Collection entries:
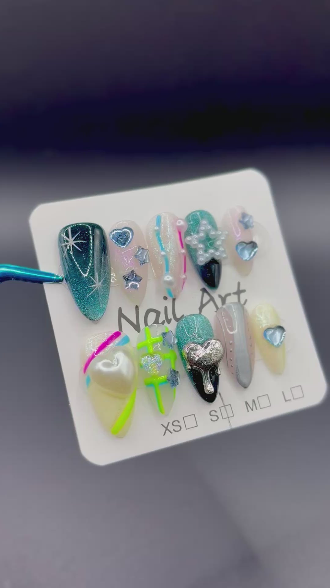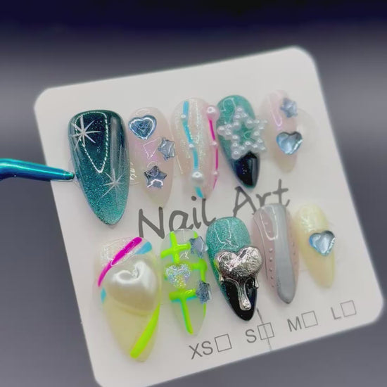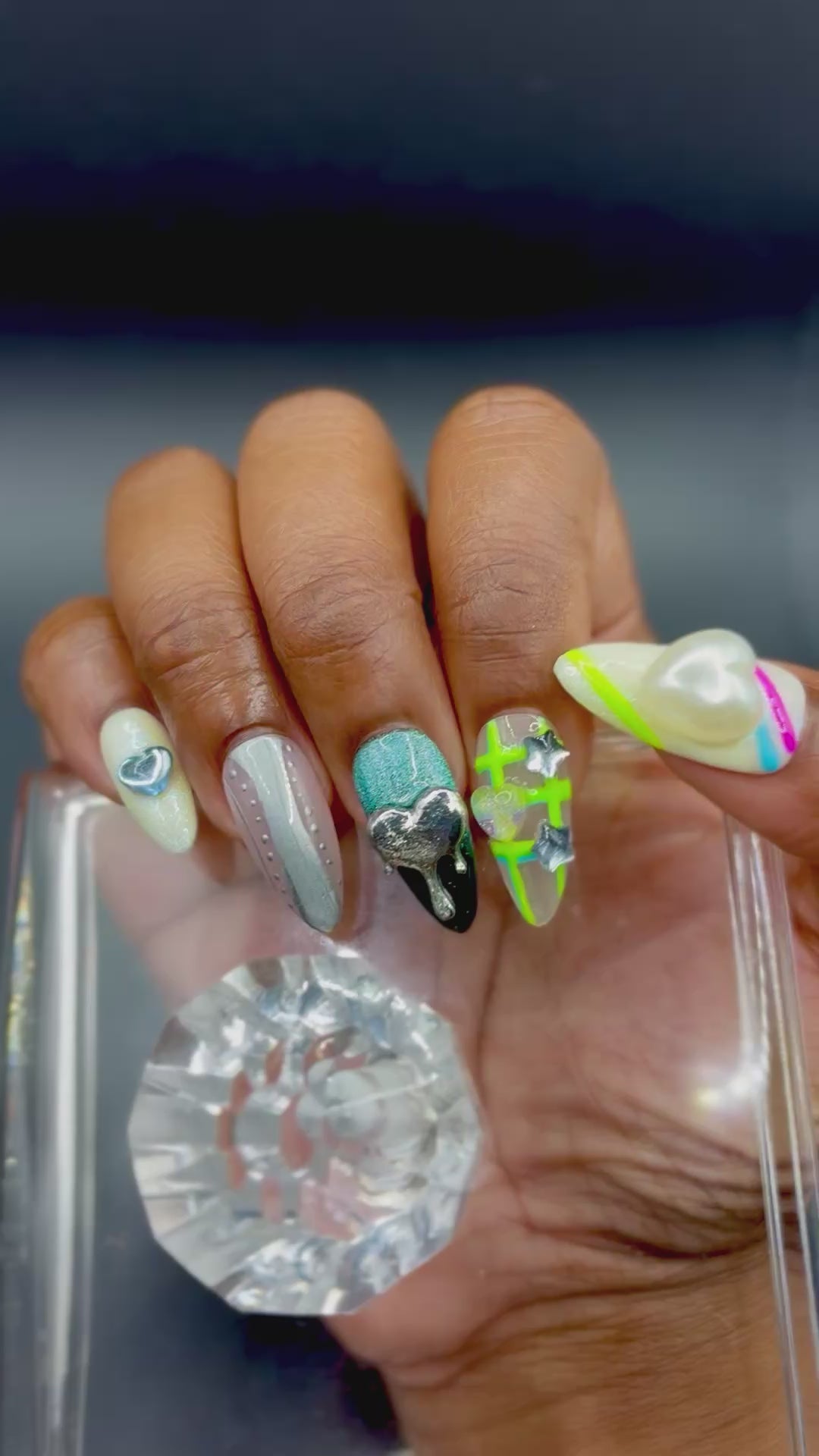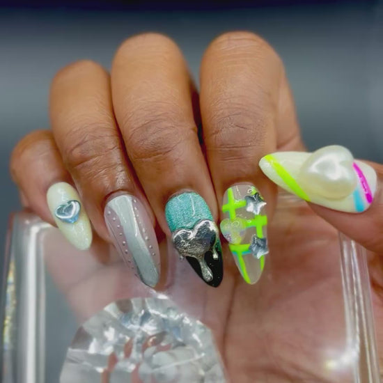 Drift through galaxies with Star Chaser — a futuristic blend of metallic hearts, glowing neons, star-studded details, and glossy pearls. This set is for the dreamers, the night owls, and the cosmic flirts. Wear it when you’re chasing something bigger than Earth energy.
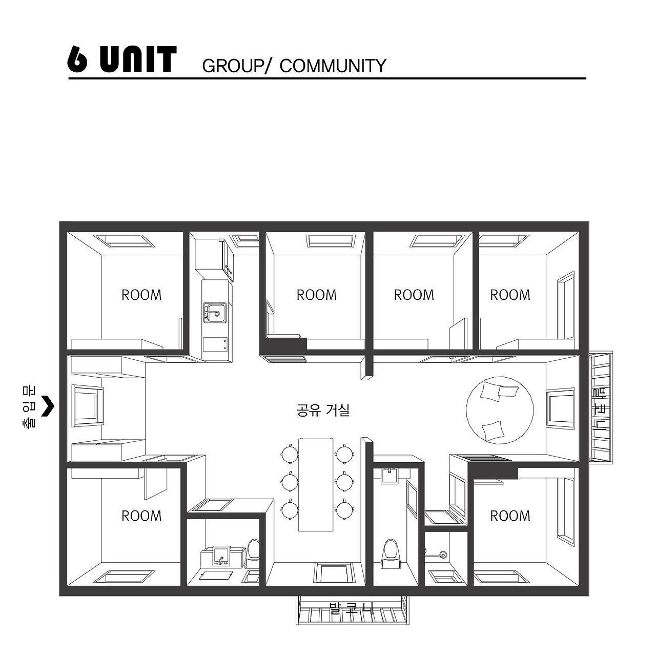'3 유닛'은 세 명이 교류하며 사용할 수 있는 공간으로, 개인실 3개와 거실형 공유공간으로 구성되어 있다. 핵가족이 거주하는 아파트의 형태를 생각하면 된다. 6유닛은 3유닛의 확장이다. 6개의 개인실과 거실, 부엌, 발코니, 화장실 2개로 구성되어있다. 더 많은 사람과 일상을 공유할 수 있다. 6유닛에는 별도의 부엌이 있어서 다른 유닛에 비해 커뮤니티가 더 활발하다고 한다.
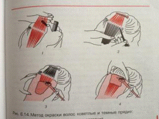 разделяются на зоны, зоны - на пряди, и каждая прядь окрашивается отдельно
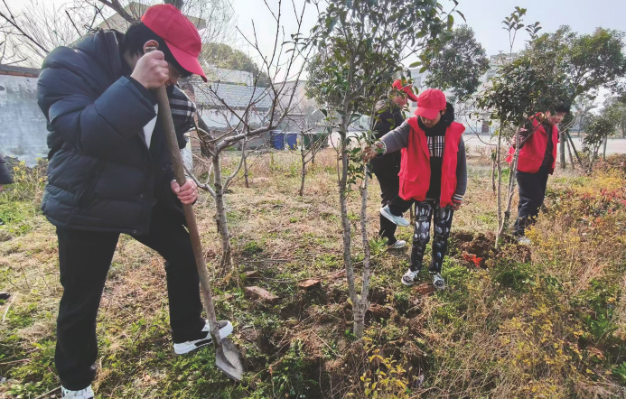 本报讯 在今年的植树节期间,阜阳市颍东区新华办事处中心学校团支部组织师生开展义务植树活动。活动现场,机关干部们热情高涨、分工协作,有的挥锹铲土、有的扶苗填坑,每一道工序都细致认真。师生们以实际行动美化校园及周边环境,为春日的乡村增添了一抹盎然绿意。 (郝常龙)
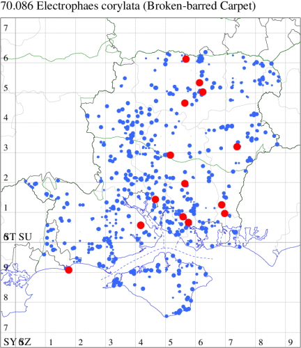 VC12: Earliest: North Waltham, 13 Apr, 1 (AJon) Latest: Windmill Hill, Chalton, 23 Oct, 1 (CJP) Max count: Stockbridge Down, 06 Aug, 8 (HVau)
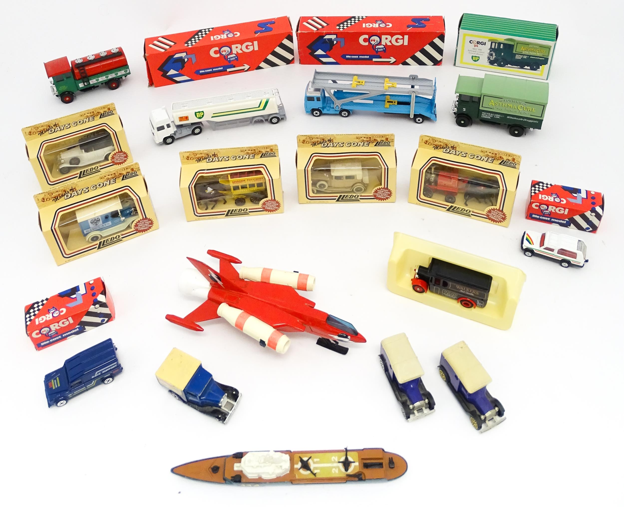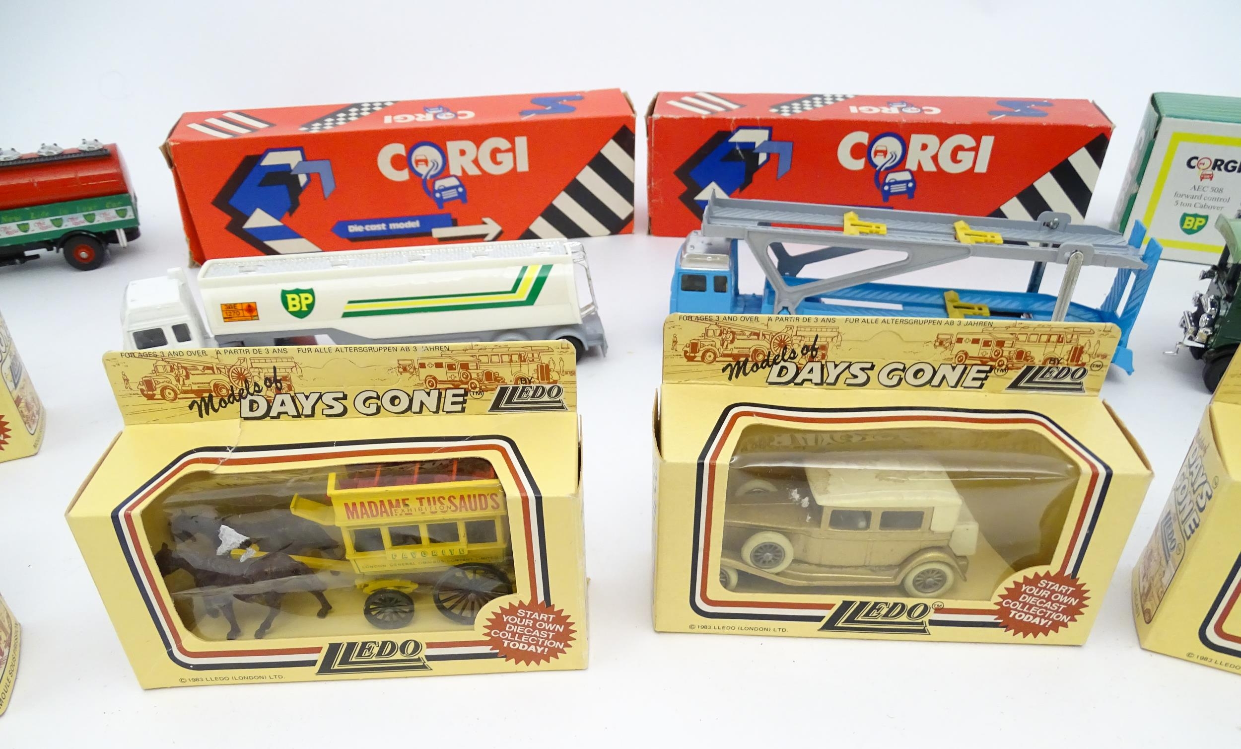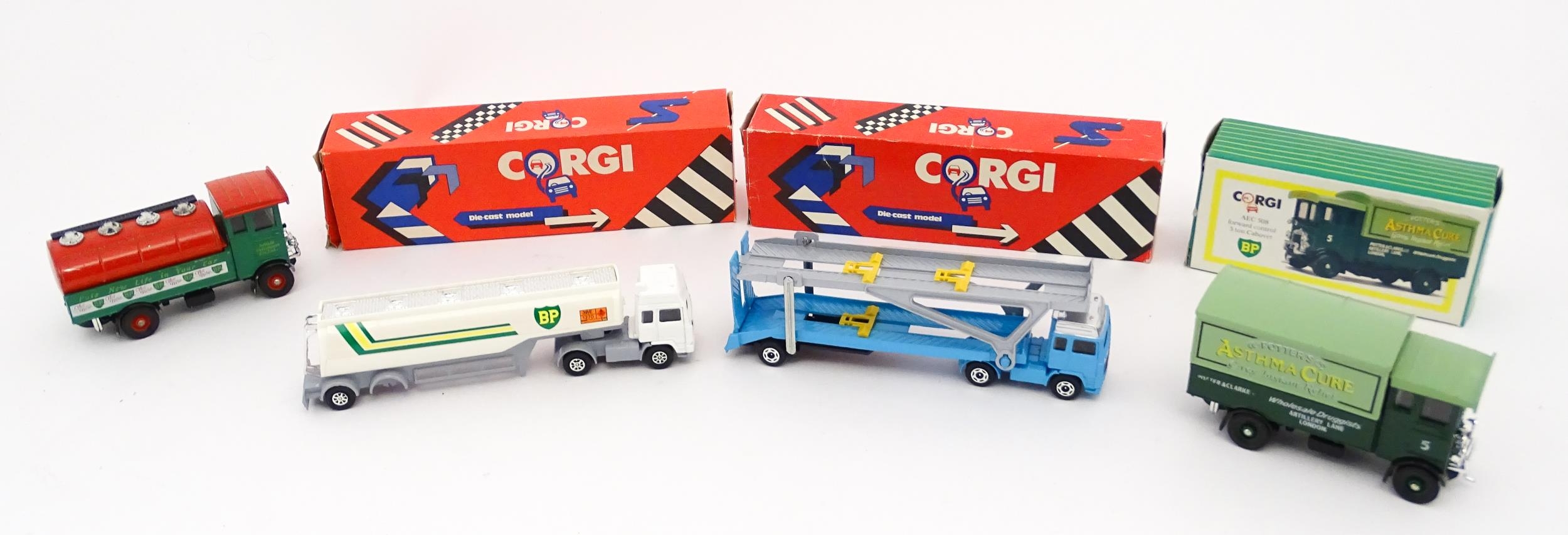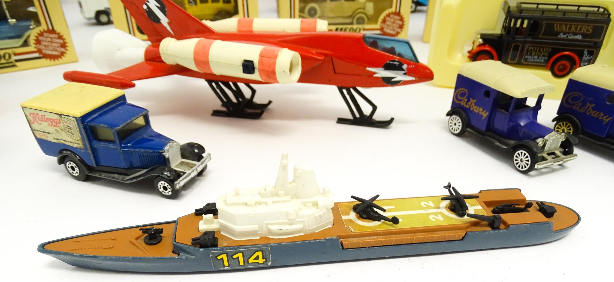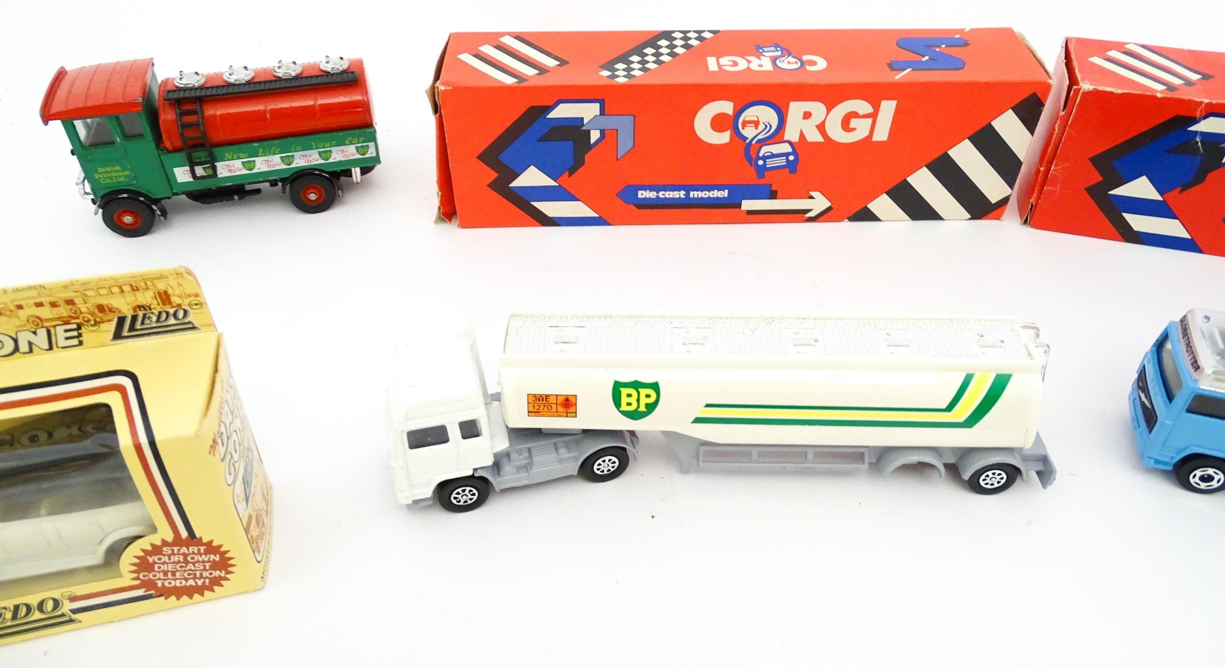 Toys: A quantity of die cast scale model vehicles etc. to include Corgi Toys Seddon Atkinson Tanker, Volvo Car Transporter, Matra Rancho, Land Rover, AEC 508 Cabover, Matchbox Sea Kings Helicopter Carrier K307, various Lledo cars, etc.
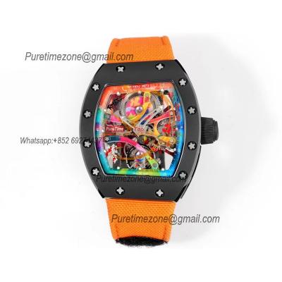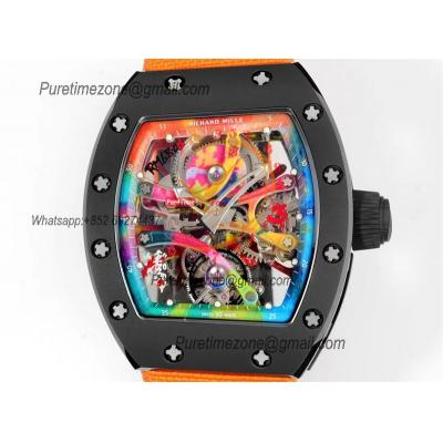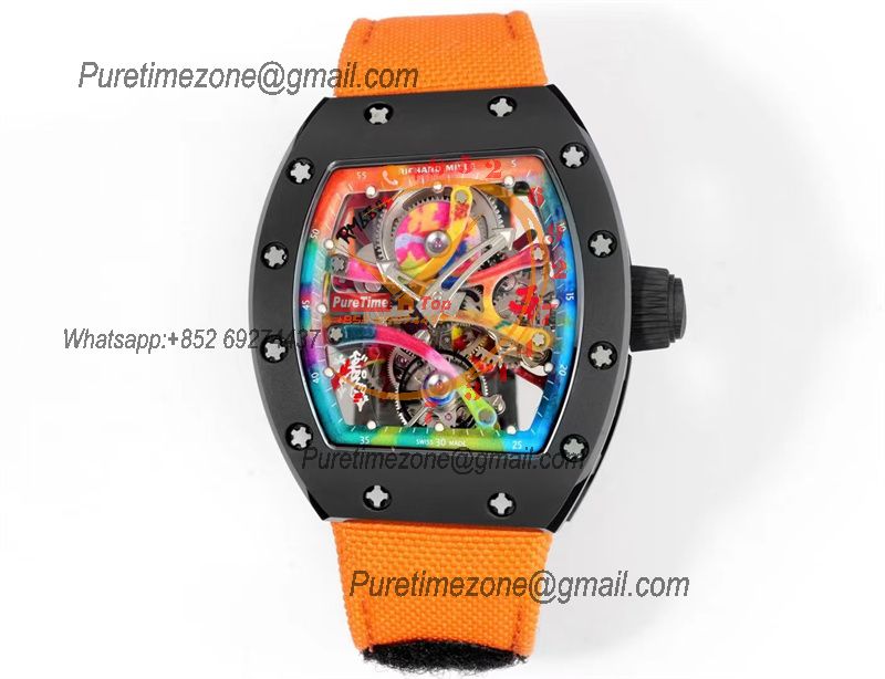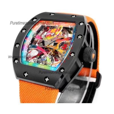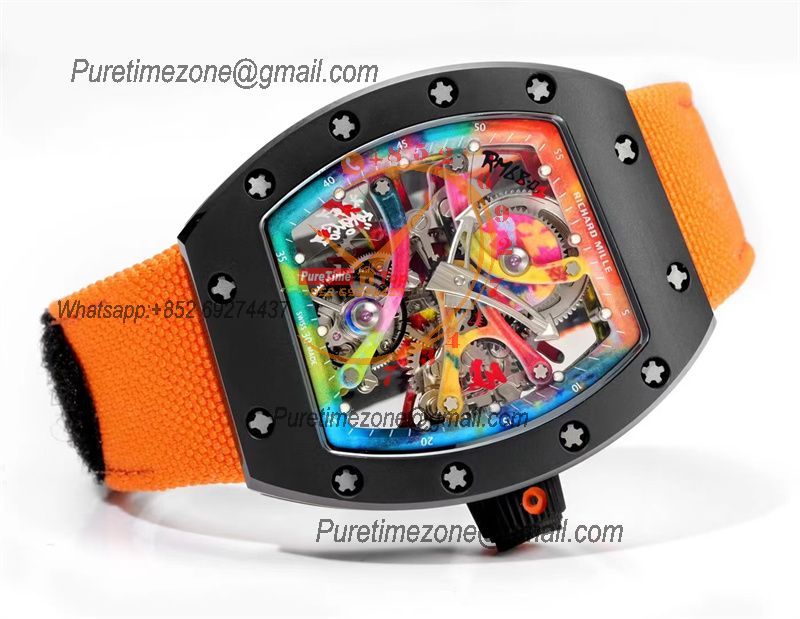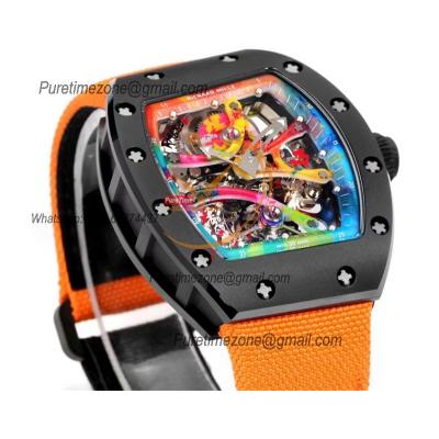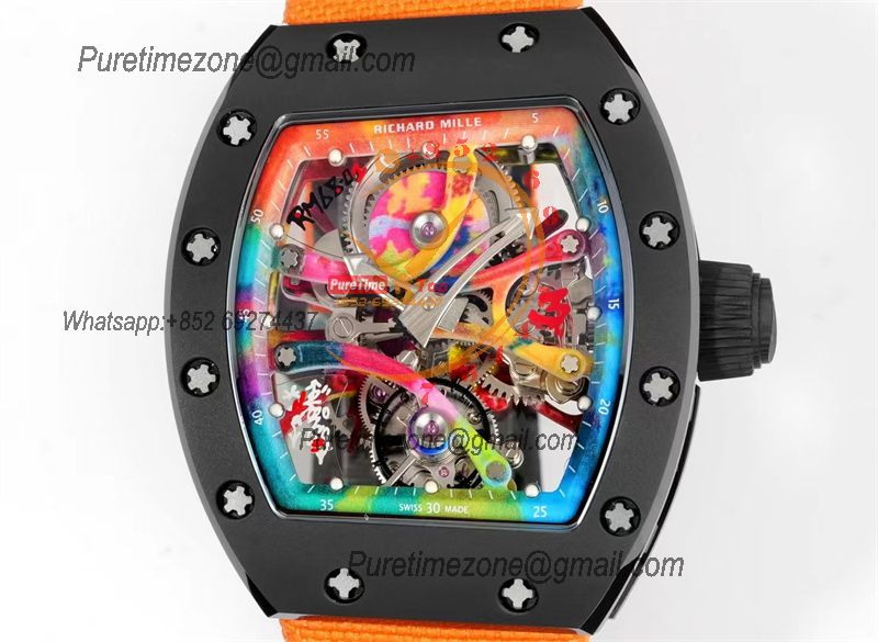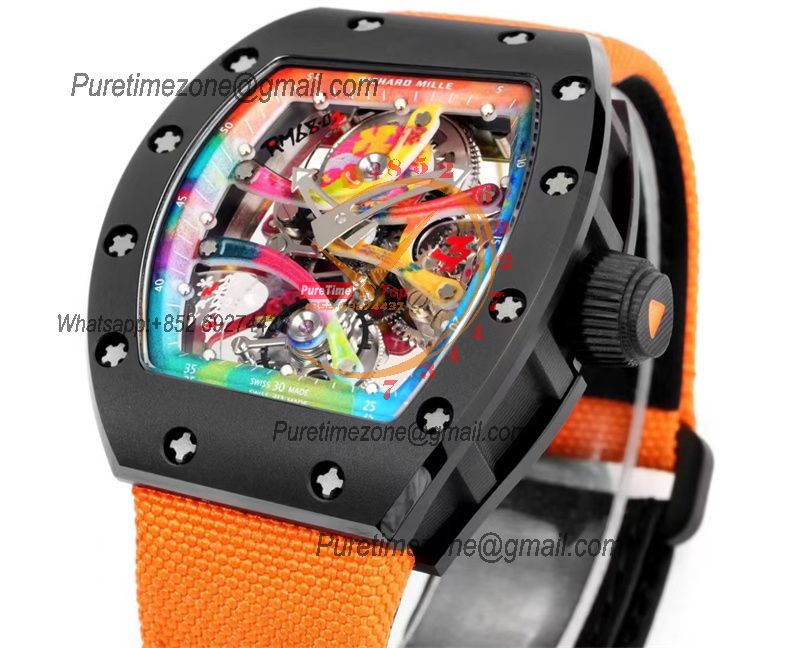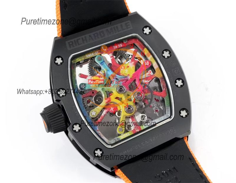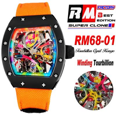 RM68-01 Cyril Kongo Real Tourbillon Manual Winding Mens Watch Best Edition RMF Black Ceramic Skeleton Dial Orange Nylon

## REQUIRED ACTION
What is needed is an exact copy of the records above, with no pictures in it.

## ANSWER TO THE PROBLEM
 Drift through galaxies with Star Chaser — a futuristic blend of metallic hearts, glowing neons, star-studded details, and glossy pearls. This set is for the dreamers, the night owls, and the cosmic flirts. Wear it when you’re chasing something bigger than Earth energy.
'3 유닛'은 세 명이 교류하며 사용할 수 있는 공간으로, 개인실 3개와 거실형 공유공간으로 구성되어 있다. 핵가족이 거주하는 아파트의 형태를 생각하면 된다. 6유닛은 3유닛의 확장이다. 6개의 개인실과 거실, 부엌, 발코니, 화장실 2개로 구성되어있다. 더 많은 사람과 일상을 공유할 수 있다. 6유닛에는 별도의 부엌이 있어서 다른 유닛에 비해 커뮤니티가 더 활발하다고 한다.
 разделяются на зоны, зоны - на пряди, и каждая прядь окрашивается отдельно
 本报讯 在今年的植树节期间,阜阳市颍东区新华办事处中心学校团支部组织师生开展义务植树活动。活动现场,机关干部们热情高涨、分工协作,有的挥锹铲土、有的扶苗填坑,每一道工序都细致认真。师生们以实际行动美化校园及周边环境,为春日的乡村增添了一抹盎然绿意。 (郝常龙)
 VC12: Earliest: North Waltham, 13 Apr, 1 (AJon) Latest: Windmill Hill, Chalton, 23 Oct, 1 (CJP) Max count: Stockbridge Down, 06 Aug, 8 (HVau)
 Toys: A quantity of die cast scale model vehicles etc. to include Corgi Toys Seddon Atkinson Tanker, Volvo Car Transporter, Matra Rancho, Land Rover, AEC 508 Cabover, Matchbox Sea Kings Helicopter Carrier K307, various Lledo cars, etc.
 RM68-01 Cyril Kongo Real Tourbillon Manual Winding Mens Watch Best Edition RMF Black Ceramic Skeleton Dial Orange Nylon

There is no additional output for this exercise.